As notícias são atordoantes. Cifras de difícil compreensão para o cidadão médio, que vive a léguas de tanta dinheirama. Quem olha de fora fica bestificado: a atividade lícita mais rentável hoje no país é, sem dúvida, a de técnico de futebol. Nas três principais divisões, que empregam 80 profissionais, o dinheiro corre solto, farto e generoso. Quem ganha pouco, fatura pelo menos R$ 20 mil mensais, uma fortuna se comparado ao rendimento salarial médio do trabalhador brasileiro.
Dirigentes discutem valores vertiginosos pagos ou especulados para treinadores de primeira linha ou do pelotão intermediário. Vanderlei Luxemburgo e Muricy Ramalho estão na faixa dos R$ 500 mil – mais os custos das respectivas comissões técnicas – e têm seus nomes mencionados a todo instante pela cartolagem ávida por holofotes.
Também desempregados, mas nem um pouco preocupados com o custo de vida, Nelsinho Batista e Renato Gaúcho não põem o uniforme de treinamento e apito no peito por menos de R$ 250 mil. Mesmo no Rio Grande, de clubes realmente fortes e torcidas contribuintes, o falante Tite ganha algo em torno disso no Internacional e o discreto Paulo Autuori fatura acima de R$ 300 mil no Grêmio.
Dorival Júnior, mesmo pilotando o oscilante Vasco na Segundona, recebe R$ 230 mil. Segundo a bolsa especulativa, Adilson Batista, que está bem perto de conquistar a Libertadores com o Cruzeiro, embolsa cerca de R$ 180 mil. E Mano Menezes, semideus no Corinthians, fica na casa dos R$ 280 mil. Tudo, obviamente, sujeito a acréscimos e arredondamentos.
A coisa é ainda mais gratificante para quem abraçou esse nobre ofício porque não existe o pré-requisito do lustro acadêmico ou da experiência comprovada. Muitas vezes, conta mais o fator sorte ou o velho QI (quem indica), que permite a desconhecidos atingir os píncaros da glória em questão de semanas. Ou, francamente, alguém sabe dizer quem é o tal Eutrópio que o Fluminense oficializou como treinador depois de dar um pé-na-bunda no premiadíssimo Carlos Alberto Parreira?
Por outro lado, os rasos limites de exigência da profissão abrem as portas para a improvisação sem critérios. No Palmeiras, que se livrou dos salários astronômicos de Luxemburgo, a hora é de prestigiar o ex-jogador Jorginho, que em passado recente também envergou a camisa do Paissandu. Vai durar até o primeiro revés, mas ninguém se importa com isso.
Algo de muito esquisito se passa com uma profissão que já se dá ao luxo de utilizar até os préstimos de agentes, empresários e investidores.
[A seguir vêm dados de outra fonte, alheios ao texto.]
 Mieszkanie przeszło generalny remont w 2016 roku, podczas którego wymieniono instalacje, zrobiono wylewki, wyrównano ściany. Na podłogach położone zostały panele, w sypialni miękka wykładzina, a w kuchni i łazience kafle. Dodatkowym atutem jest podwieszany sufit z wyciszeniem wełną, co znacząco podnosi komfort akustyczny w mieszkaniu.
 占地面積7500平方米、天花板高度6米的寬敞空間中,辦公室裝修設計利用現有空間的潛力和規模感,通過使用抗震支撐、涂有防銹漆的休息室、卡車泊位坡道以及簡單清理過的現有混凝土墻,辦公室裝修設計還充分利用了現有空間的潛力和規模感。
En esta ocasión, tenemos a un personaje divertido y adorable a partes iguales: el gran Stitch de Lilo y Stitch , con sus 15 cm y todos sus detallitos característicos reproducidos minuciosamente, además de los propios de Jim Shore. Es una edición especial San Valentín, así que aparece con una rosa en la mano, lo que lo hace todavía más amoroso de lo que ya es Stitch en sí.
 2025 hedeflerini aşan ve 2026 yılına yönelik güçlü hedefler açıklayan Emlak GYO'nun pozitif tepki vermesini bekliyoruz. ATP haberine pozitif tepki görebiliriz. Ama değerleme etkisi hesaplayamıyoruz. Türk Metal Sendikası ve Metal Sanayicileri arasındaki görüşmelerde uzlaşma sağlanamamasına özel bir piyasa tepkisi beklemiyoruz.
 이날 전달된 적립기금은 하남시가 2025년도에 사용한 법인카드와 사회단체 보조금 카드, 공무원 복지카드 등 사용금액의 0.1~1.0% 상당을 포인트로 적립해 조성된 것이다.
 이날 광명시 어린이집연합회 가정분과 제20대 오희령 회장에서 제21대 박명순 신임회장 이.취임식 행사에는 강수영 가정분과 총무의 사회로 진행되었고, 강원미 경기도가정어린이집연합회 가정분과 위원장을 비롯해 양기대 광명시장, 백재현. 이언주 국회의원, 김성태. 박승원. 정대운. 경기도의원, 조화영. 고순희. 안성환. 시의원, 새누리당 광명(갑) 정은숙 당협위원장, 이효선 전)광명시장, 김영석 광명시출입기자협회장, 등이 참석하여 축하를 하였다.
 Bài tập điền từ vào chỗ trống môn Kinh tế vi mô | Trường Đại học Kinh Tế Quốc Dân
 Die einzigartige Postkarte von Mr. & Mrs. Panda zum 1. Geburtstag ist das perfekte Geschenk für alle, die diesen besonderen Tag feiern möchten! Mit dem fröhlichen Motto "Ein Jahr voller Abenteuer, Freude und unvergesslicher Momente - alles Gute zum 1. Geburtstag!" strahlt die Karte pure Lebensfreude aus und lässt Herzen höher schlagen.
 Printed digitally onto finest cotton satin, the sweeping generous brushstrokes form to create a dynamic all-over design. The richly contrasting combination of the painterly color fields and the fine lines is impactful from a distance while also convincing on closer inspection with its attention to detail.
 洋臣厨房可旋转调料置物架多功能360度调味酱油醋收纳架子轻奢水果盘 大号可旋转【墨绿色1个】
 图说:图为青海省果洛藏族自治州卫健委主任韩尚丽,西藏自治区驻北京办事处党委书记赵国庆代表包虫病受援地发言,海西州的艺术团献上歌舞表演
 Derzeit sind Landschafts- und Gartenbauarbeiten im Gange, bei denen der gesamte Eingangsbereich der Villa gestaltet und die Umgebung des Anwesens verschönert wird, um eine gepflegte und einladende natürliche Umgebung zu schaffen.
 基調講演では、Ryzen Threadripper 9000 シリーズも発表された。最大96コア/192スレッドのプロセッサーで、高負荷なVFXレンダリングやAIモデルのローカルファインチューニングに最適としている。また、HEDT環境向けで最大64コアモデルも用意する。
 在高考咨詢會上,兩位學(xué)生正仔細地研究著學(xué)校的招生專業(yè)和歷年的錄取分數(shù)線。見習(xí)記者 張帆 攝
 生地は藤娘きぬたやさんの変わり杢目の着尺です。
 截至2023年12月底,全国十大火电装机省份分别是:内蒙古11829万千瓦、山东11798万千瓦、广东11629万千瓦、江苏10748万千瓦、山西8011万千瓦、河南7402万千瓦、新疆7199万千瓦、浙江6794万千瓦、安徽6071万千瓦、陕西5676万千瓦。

Parreira e Luxemburgo, por exemplo, são representados pela Traffic. Jogadores pertencentes aos investidores têm prioridade nos times que eles dirigem.
O notório Eduardo Uram representa Cuca e vários jogadores do Flamengo. Será que, em ambiente assim tão comprometido, há espaço para escolhas isentas (e técnicas) na hora da escalação? Infelizmente, esta é apenas uma das muitas perguntas incômodas que as relações espúrias do futebol brasileiro nos permitem fazer – sem esperança de respostas.
(Coluna publicada na edição do Bola/DIÁRIO desta quarta, 15)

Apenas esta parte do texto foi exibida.